Data extracts:
※ ※ ※

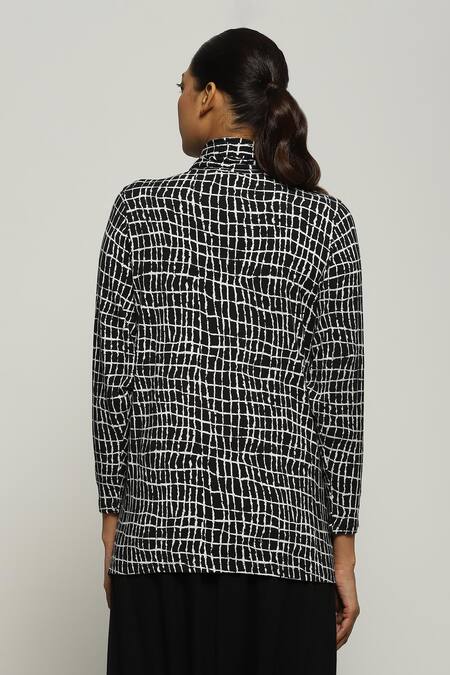 Black Tencel, Lycra Turtle Neck Lattice Print Top
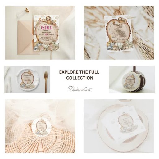 Esta tarjeta de agradecimiento de boho es única y combina elementos rústicos vintage en tonos cálidos como beige, flausto y marrón. Los animales adorables de la jungla, incluyendo un león, un mono, tigre, cebra, rinoceronte, elefante y jirafa, añaden un toque juguetón. La elegante hierba de pampas y las hojas de palma completan el fondo de la rodaja de madera, creando un ambiente acogedor y acogedor.
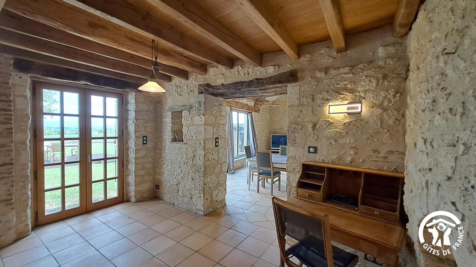 Charmante maison indépendante, toute en pierre et poutres apparentes, pouvant accueillir jusqu’à 4 personnes. Le propriétaire habite à quelques mètres à l’arrière du gîte; mais vous disposez d’une terrasse à l’avant de la maison vous permettant d’être indépendant et de profiter de la vue sur la campagne tarnaise.
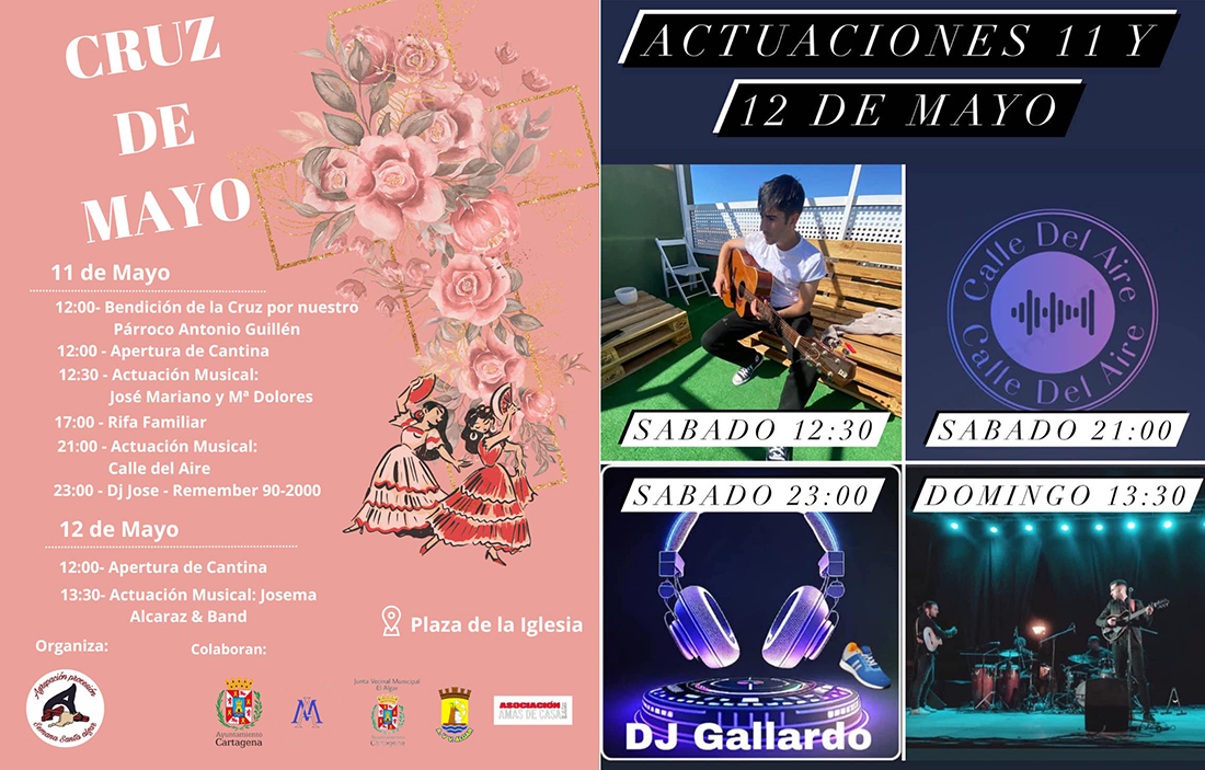 Triple propuesta en el Apolo con humor, musical infantil y teatro, mientras que las 'cruces de mayo' se montan en la plaza de la Iglesia y en el centro cívico. En el deporte, sigue la AD Algar Surmenor compitiendo en el Nacional cadete de voleibol de Asturias, mientras que en fútbol hay 15 partidos para los equipos del CD Algar, incluida la despedida de la Tercera RFEF del primer equipo. En Los Urrutias, sábado tarde para la lotería familiar.
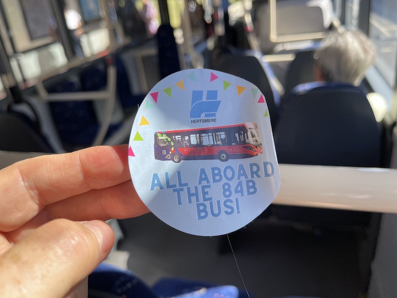It turned out there’d been an official launch involving local dignitaries, speeches, photo line ups with cake, stickers and timetables as the bus left Potters Bar and many locals had turned out to show their support and were now all taking a ride.
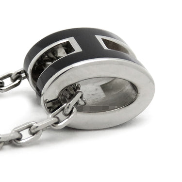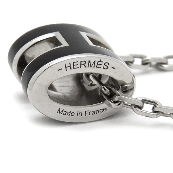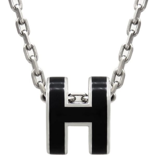 エルメス HERMES ポップアッシュ ミニ ペンダント ブラック×シルバー メタル ラッカー ネックレス シルバー金具 Hモチーフ
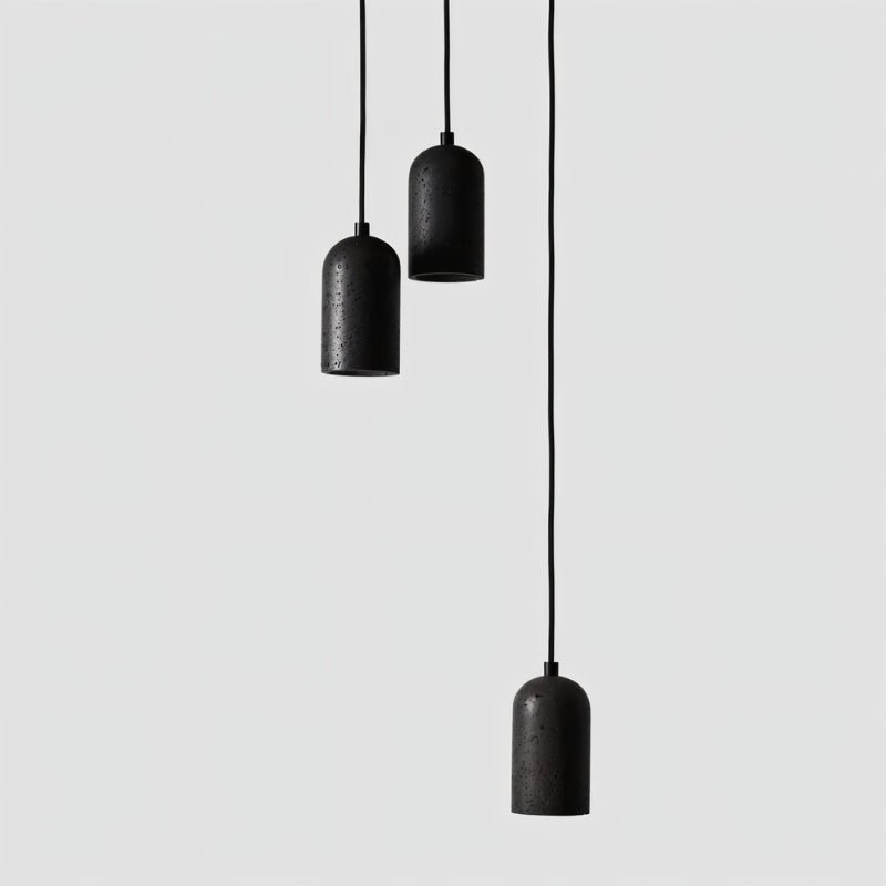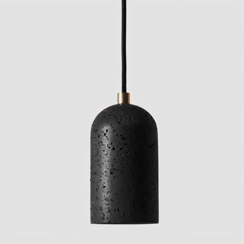 The Verve Pendant Light is a striking light fixture crafted from black travertine, showcasing a natural, textured surface that adds sophistication and depth. Its simple cylindrical shape combined with the dark stone creates a modern yet earthy aesthetic, making it an ideal choice for contemporary interiors.
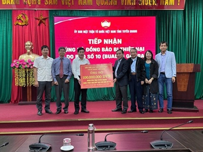 Liên hiệp Hội Việt Nam trao 100 triệu đồng ủng hộ đồng bào vùng bão lụt tỉnh Tuyên Quang Chiều tối ngày 28/10, tại trụ sở Cơ quan Uỷ ban MTTQ Việt Nam tỉnh Tuyên Quang, Đoàn công tác của Liên hiệp các Hội Khoa học và Kỹ thuật Việt Nam (Liên hiệp Hội Việt Nam) đã trao số tiền 100.000.000 đồng tới Uỷ ban MTTQ Việt Nam tỉnh Tuyên Quang để ủng hộ đồng bào khắc phục hậu quả nặng nề do cơn bão số 10 gây ra.
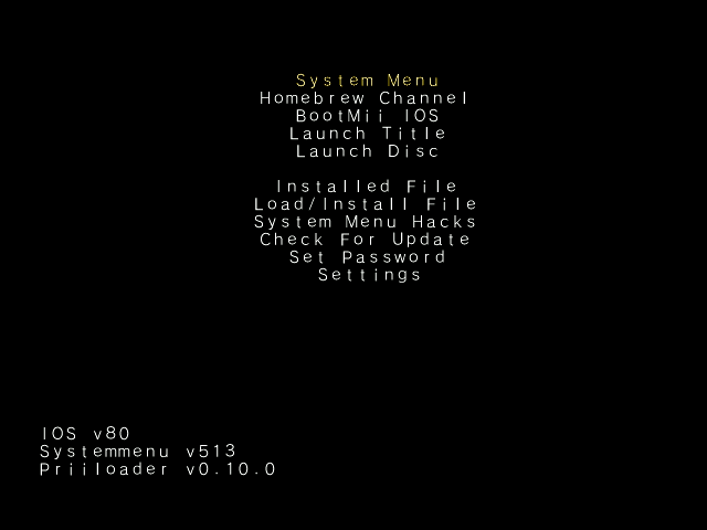 Após instalar, desligue o console. Para entrar no Priiloader, segure o botão RESET e aperte o botão POWER, aparecerá como na seguinte imagem:
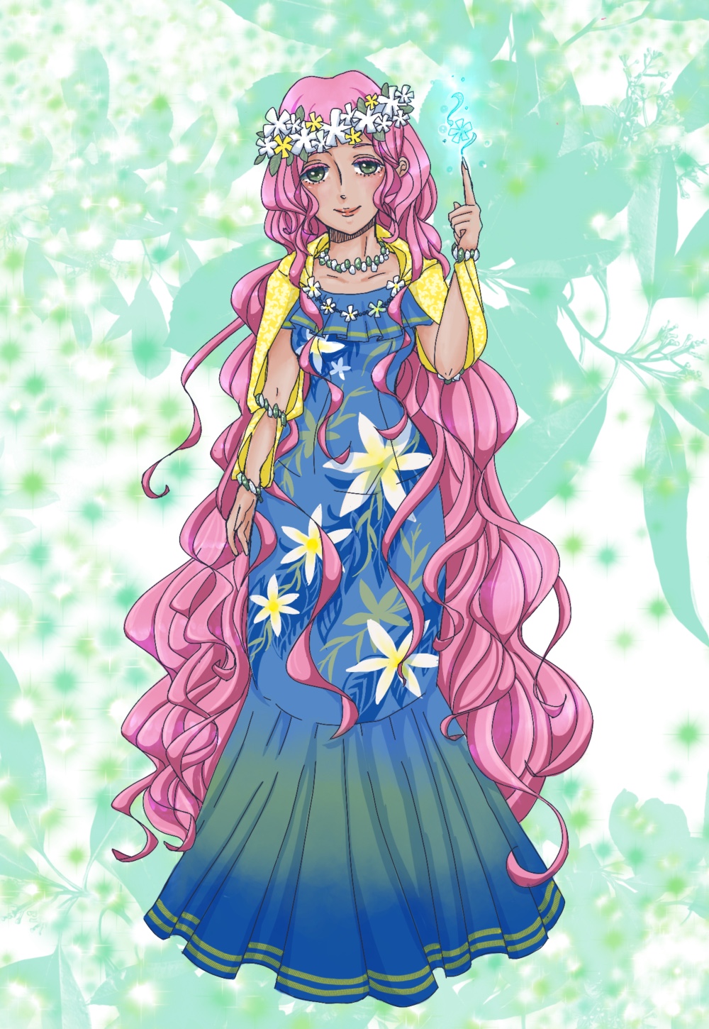 魔法の触媒は頭の花飾り。
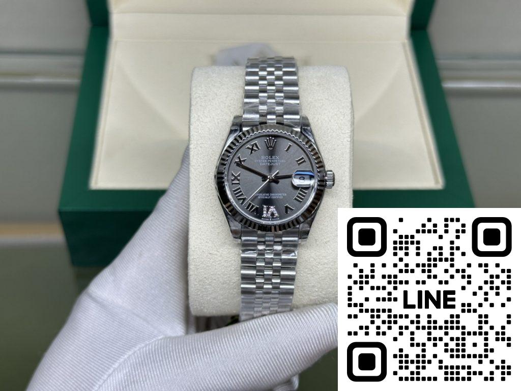 2025年最も人気を集めたレディースモデル。31mmの絶妙なサイズと、上品なグレー文字盤が高級感を演出。
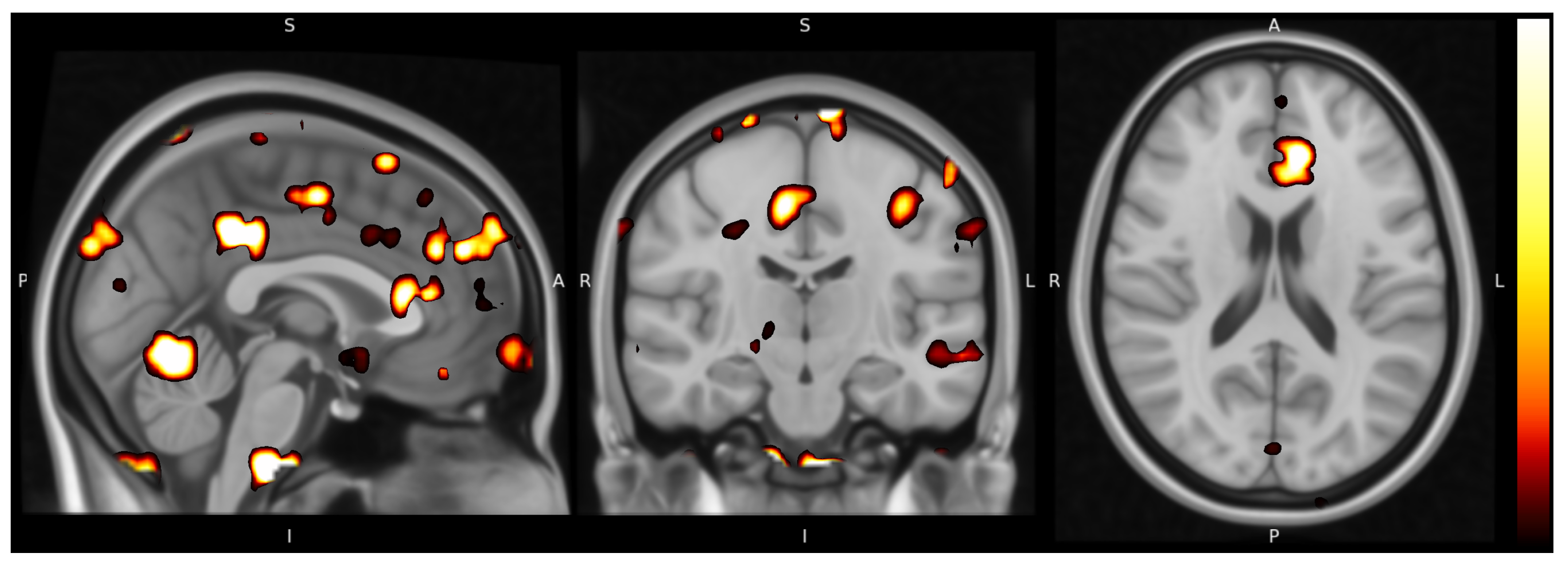 43]. Relevance maps were reshaped to match the MNI-152 2mm template dimensions (182 × 218 × 182) and overlaid onto the template. Maps were masked to include only voxels within the brain, with extraneous noise removed. Values were logarithmically scaled and thresholded between
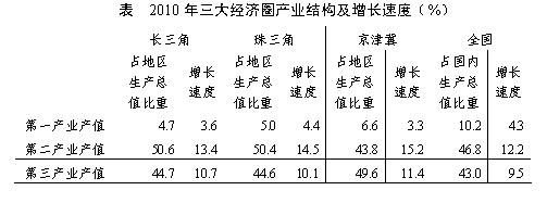 三大经济圈中,2010年三次产业增长速度均超过全国平均水平的有几个?
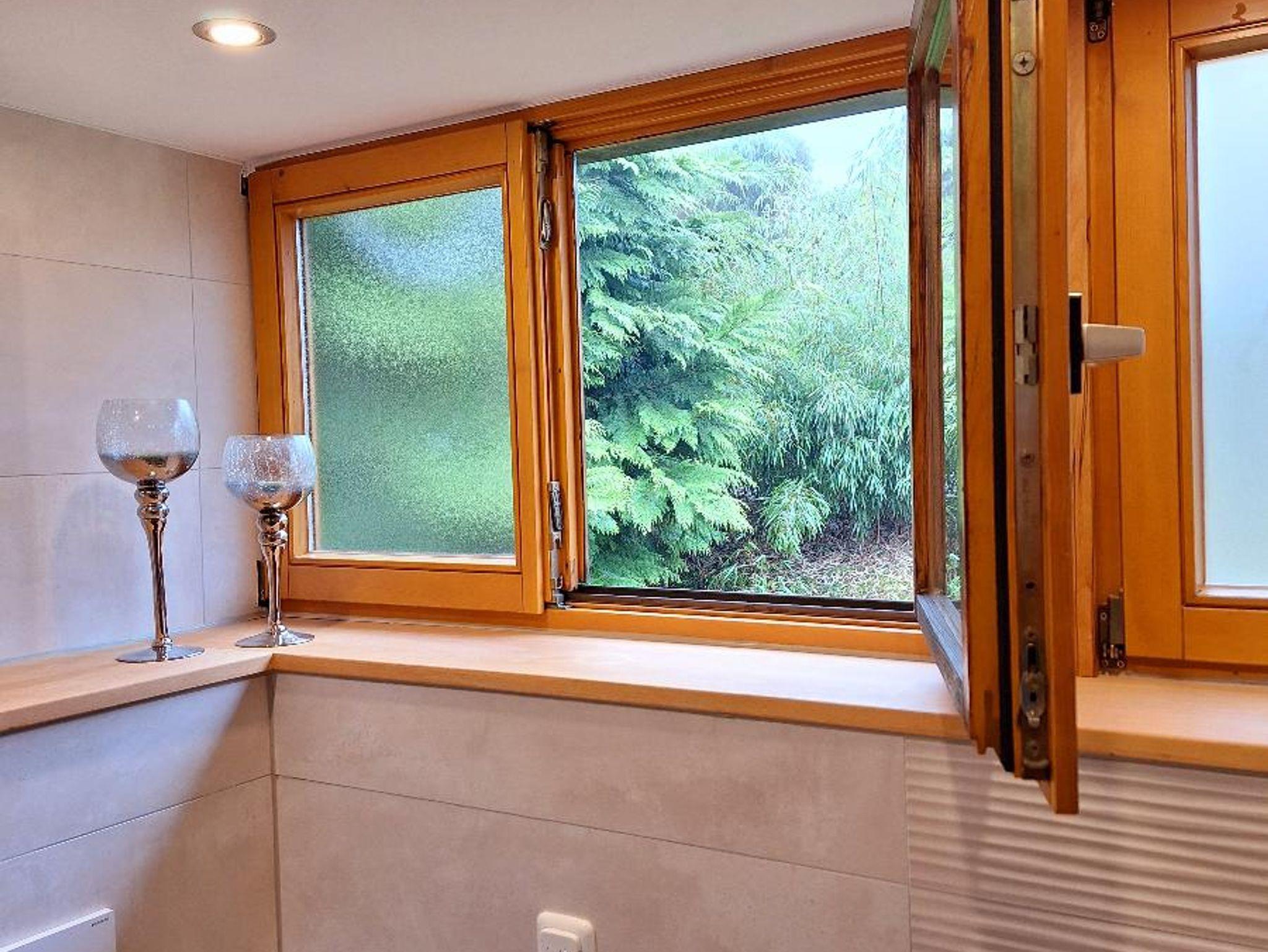 Genießen Sie entspannte Stunden auf der Terrasse mit Gartenmöbeln, Sonnenschirm und Grill. Die moderne, voll ausgestattete Küche (Herd, Backofen, Kühlschrank, Toaster, Wasserkocher, Kaffeemaschine) lädt zum Kochen ein. Ein gemütlicher Wohn- und Essbereich mit Sitzgruppe, Schlafcouch und Flachbild-TV sorgt für Wohlfühlatmosphäre.
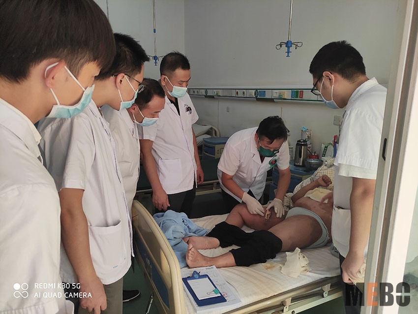 2021年9月15日,中國中西醫(yī)結(jié)合學(xué)會燒傷專業(yè)委員會醫(yī)療部專家張強主任受邀到武漢市第五醫(yī)院血管外科會診了一例下肢潰瘍患者,張主任親自示范和指導(dǎo)規(guī)范用藥,再三叮囑。會診后與血管外科楊主任深入交流了再生醫(yī)療技術(shù)在下肢淤血性靜脈潰瘍、缺血性動脈硬化閉塞潰瘍等的應(yīng)用,力爭最大程度減少截肢,降低治殘率!
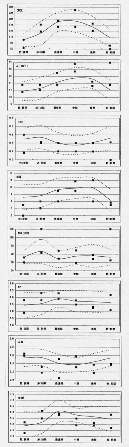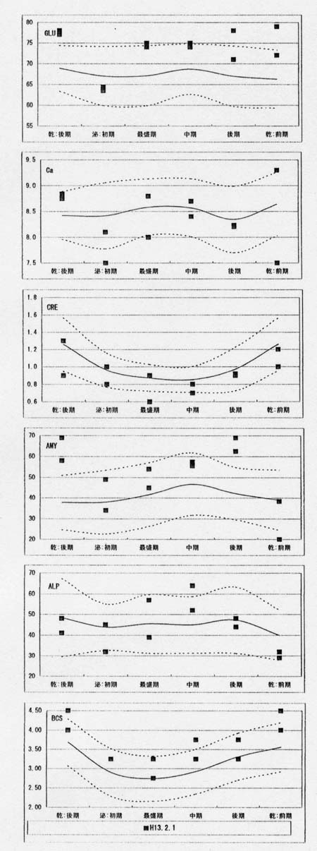 上のグラフがMTPの結果である。グラフ内の曲線は、平均値を実線、その上下に標準偏差を点線で表してある。故に、この点線の間が基準値(基本的に正常範囲内)である。グラフ上の「■」が酪農家Aの結果であり、横軸には乳期を示し、左から乾乳後期、泌乳初期・最盛期・中期・後期、乾乳前期としている。 泌乳牛群、乾乳牛群を通して大部分は基準値にあり、基本的に良好な飼養管理が反映されていた。 しかし、泌乳牛群全体にALB(総合的な栄養摂取状況の反映、特に蛋白質)、 |
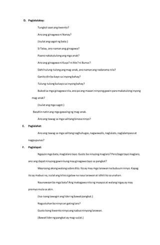 Hanay A Hanay B _____1. Outline EDUKASYON SA PAGPAPAKATAO Pagkamasunurin Obedience 131 Pagsunod kaagad kapag tinawag ng kasapi ng pamilya. Paglalahad Ang Daga at ang Leon May isang malikot na daga na masayang naglalaro.
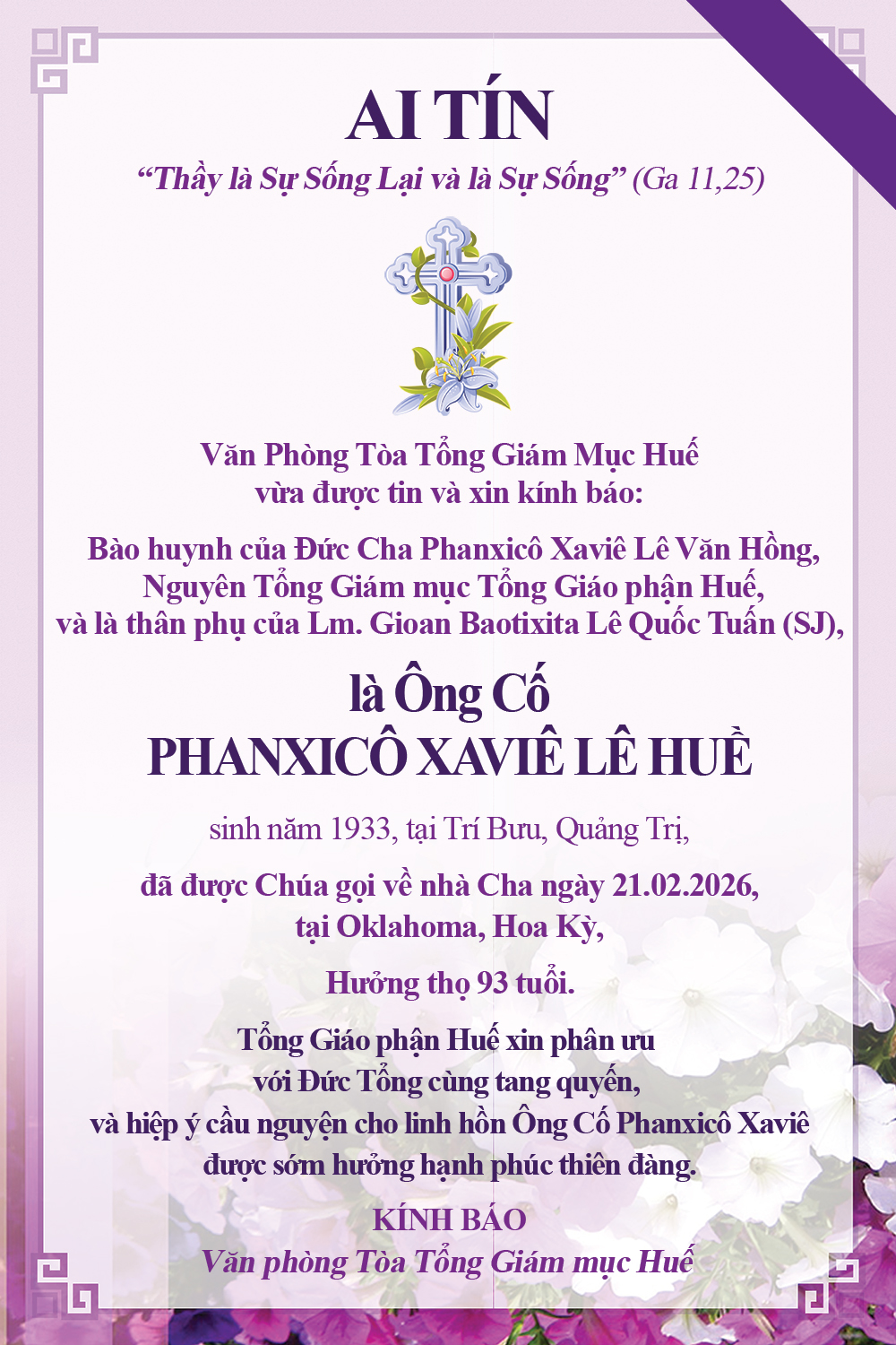 Home » Tin tức » Thông báo » Ai tín về Bào Huynh của Đức Cha Phanxicô Xaviê Lê Văn Hồng – Nguyên TGM Huế vừa qua đời

※ ※ ※

Your assignment: Pictures excluded, transcribe the listing above exactly from the line with "エルメス HERMES ポップアッシュ" through the line with "2025年最も人気を集めたレ", and no further.

Solution for this problem:
 エルメス HERMES ポップアッシュ ミニ ペンダント ブラック×シルバー メタル ラッカー ネックレス シルバー金具 Hモチーフ
 The Verve Pendant Light is a striking light fixture crafted from black travertine, showcasing a natural, textured surface that adds sophistication and depth. Its simple cylindrical shape combined with the dark stone creates a modern yet earthy aesthetic, making it an ideal choice for contemporary interiors.
 Liên hiệp Hội Việt Nam trao 100 triệu đồng ủng hộ đồng bào vùng bão lụt tỉnh Tuyên Quang Chiều tối ngày 28/10, tại trụ sở Cơ quan Uỷ ban MTTQ Việt Nam tỉnh Tuyên Quang, Đoàn công tác của Liên hiệp các Hội Khoa học và Kỹ thuật Việt Nam (Liên hiệp Hội Việt Nam) đã trao số tiền 100.000.000 đồng tới Uỷ ban MTTQ Việt Nam tỉnh Tuyên Quang để ủng hộ đồng bào khắc phục hậu quả nặng nề do cơn bão số 10 gây ra.
 Após instalar, desligue o console. Para entrar no Priiloader, segure o botão RESET e aperte o botão POWER, aparecerá como na seguinte imagem:
 魔法の触媒は頭の花飾り。
 2025年最も人気を集めたレディースモデル。31mmの絶妙なサイズと、上品なグレー文字盤が高級感を演出。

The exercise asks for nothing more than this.